The problems at Sony Entertainment are hardly a secret. Last year's hack, attributed to North Korea, was in response to the release of The Interview and was embarrassing for Sony Entertainment chairman and CEO Michael Lynton and former co-chairperson Amy Pascal, who recently stepped down.
But the issues for Sony are much broader and deeper at the level of the parent company.
Hirai has all of Sony's other problems looming over him. For the first time since 1958, the company has canceled its dividend, and its smartphone division (which he vowed would become the industry's third largest) isn't taking off as hoped. It also is ramping up a web TV service. Operating profits are on the rise, though, and Hirai announced plans last week to split off the company's audio and video unit into separate businesses.
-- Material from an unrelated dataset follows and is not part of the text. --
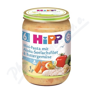 Masozeleninový příkrm HiPP Mini těstoviny s aljašskou treskou v máslové zelenině, pro děti od uk. 5. měsíce. Obsahuje omega-3 mastné kyseliny pro vývoj mozku a nervových buněk. Bez přídavku soli, obsahuje lepek.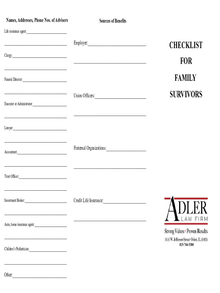 Names, Addresses, Phone Nos. Of AdvisersSources of BenefitsLife insurance agent:___ ___ Clergy:___Employer:___CHECKLIST___FOR___FAMILYFuneral Director:___ ___Union Officers:___SURVIVORSExecutor or

Leadership lesson: When all else fails, rein in your ambitions—even if it means admitting defeat on certain goals. In the end it is all about honesty and integrity. Investors will reward companies willing to hit the reset button: Sony shares are up 35 percent this year and 60 percent in the past year. Though waiting too long is a huge mistake: Sony shares are down near-20 percent over the past five years.
Twitter's one of the top social media sites, but its pace of growth slipped post-IPO, raising concerns about its long-term future. Additionally, the company saw a rash of departures, including Michael Sippey, vice president of product, creative director Doug Bowman, COO Ali Rowghani and VP of engineering Jeremy Gordon, raising questions about its stability and whether CEO Dick Costolo can assemble and retain a team to chart a course for the company's future.
At the same time, the company's failure to address the issue of online harassment of its users has struck a wrong chord, especially as Costolo himself has admitted that the issue is alienating core users and the company has historically sat on its hands while this happened.
The tide seems to have turned in 2015, though. Twitter reached a deal with Google to increase tweet presence in search results and reported quarterly earnings and revenue that beat analysts' expectations, with revenue nearly doubling to $479 million from $243 million a year ago.
Lesson learned: Recruiting, retaining and managing a team of Grade A Players is key to a company's future. Rapid shifts in management is a red flag for investors looking for stability and strategic direction.